2.3. Silylation Derivatization

A volume of 40 µL of 40 mg/mL methoxyamine hydrochloride (MeOX) solution in pyridine was added to each dried sample (10 mg), with 10 µL of ribitol standard solution (0.2 mg/mL). The samples were then shaken for 1.5 h at 37 °C, after which 90 µL of MSTFA was immediately added to each sample cap and shaken at maximum speed for 30 min at 37 °C. The contents were transferred to glass vials with micro-serts and immediately capped [12]. Each derivatized sample (1 µL) was injected into the gas chromatograph coupled with a mass spectrometer.

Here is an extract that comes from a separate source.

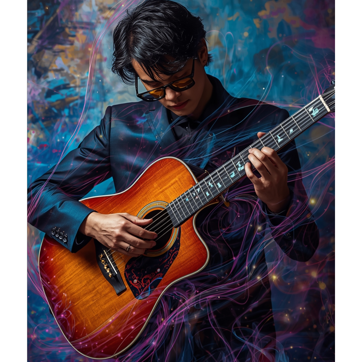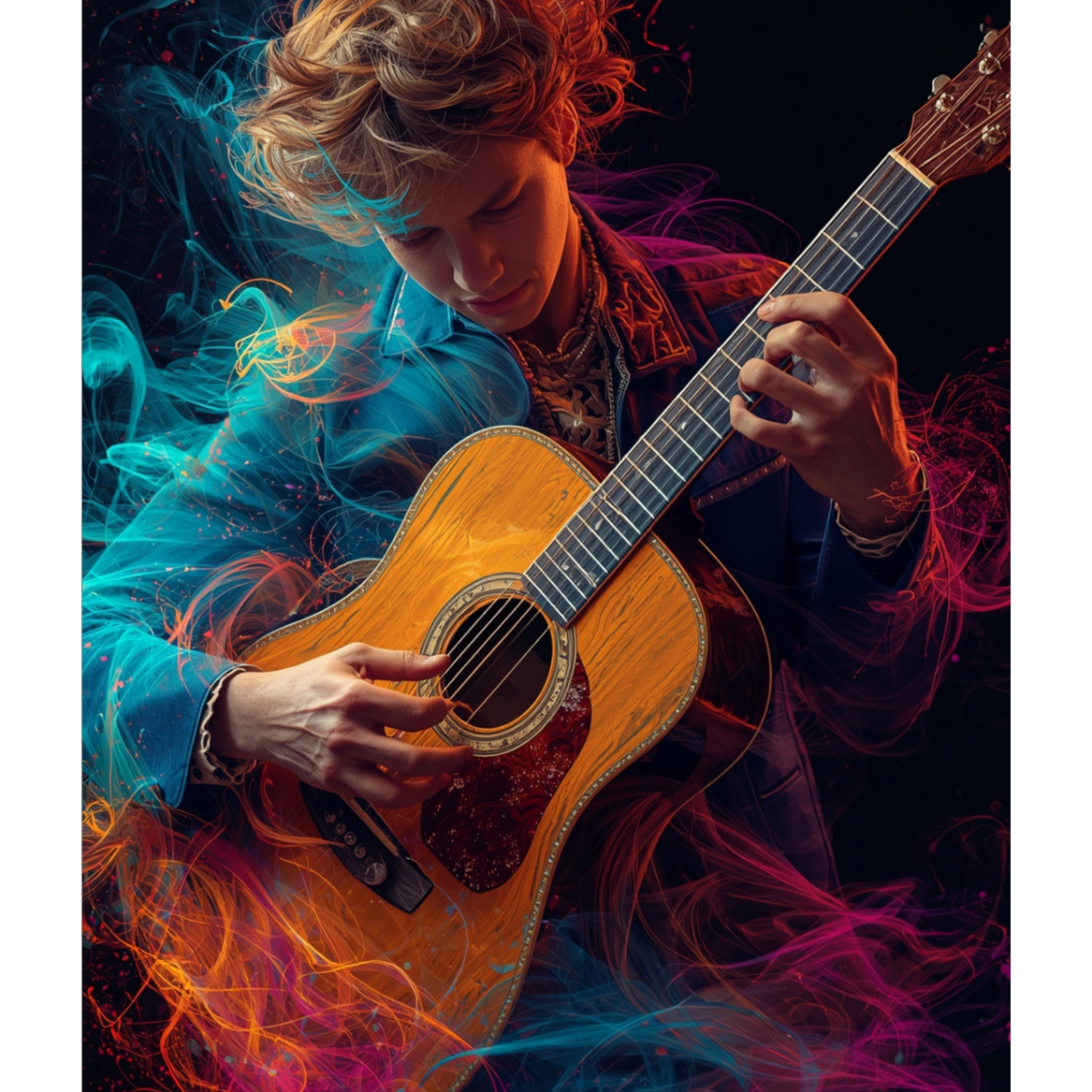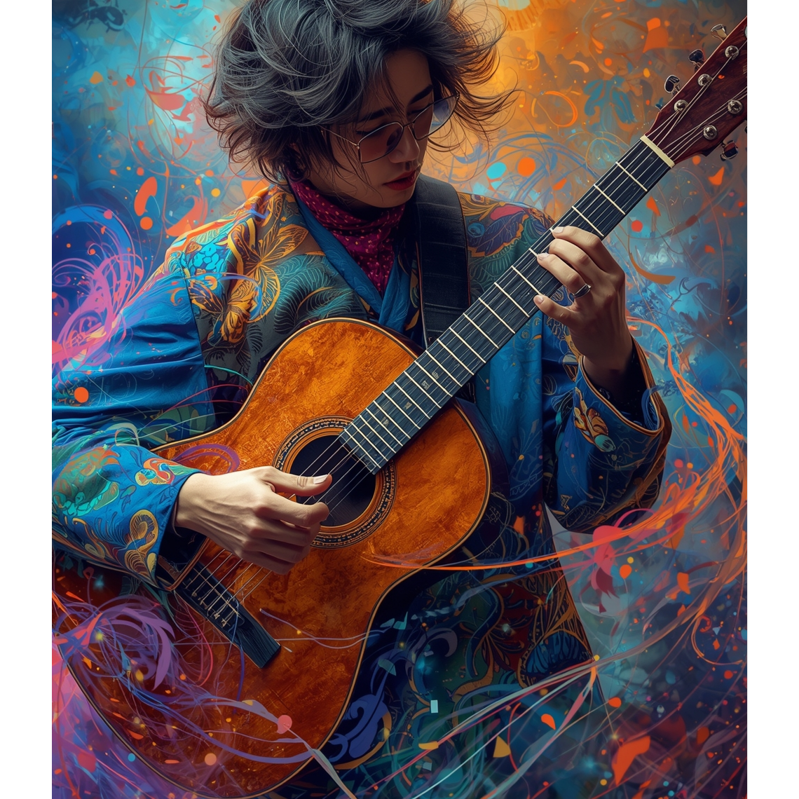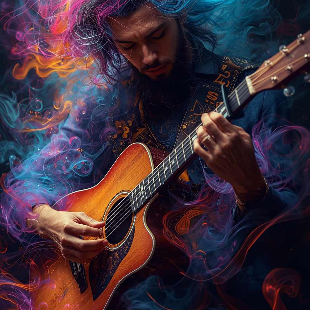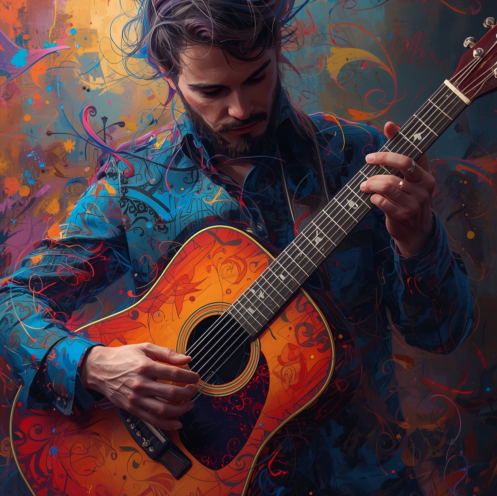 This acoustic guitar solo features intricate tapping harmonics and sharp slap techniques, weaving percussive rhythms with melodic lines, Open tunings highlight resonant overtones, creating a rich, textured soundscape that evolves dynamically, spotlighting virtuosic fingerstyle skill

2.4. Gas Chromatography–Mass Spectrometry Analysis

GC/MS analysis was performed on a Agilent 6850 GC, equipped with Agilent 5975C single quadrupole MS, CTC-PAL RSI 85 auto-sampler, and HP-5MS capillary column (0.25 µm × 30 m × 0.25 mm). The following conditions were applied: injector temperature, 250 °C; initial temperature, 50 °C for 5 min; gradient of 5 °C/min until 180 °C; gradient of 10 °C/min until 270 °C and a hold time of 10 mi., and increasing to 320 °C. The MS parameters were set as follows: source temperature, 230 °C; transfer line, 325 °C; quadrupole: 150 °C; Detector: 325; positive ion monitoring; and electron ionization (EI)-MS measurement at 70 eV [12]. Helium was used as a carrier gas, at 0.6 mL/min.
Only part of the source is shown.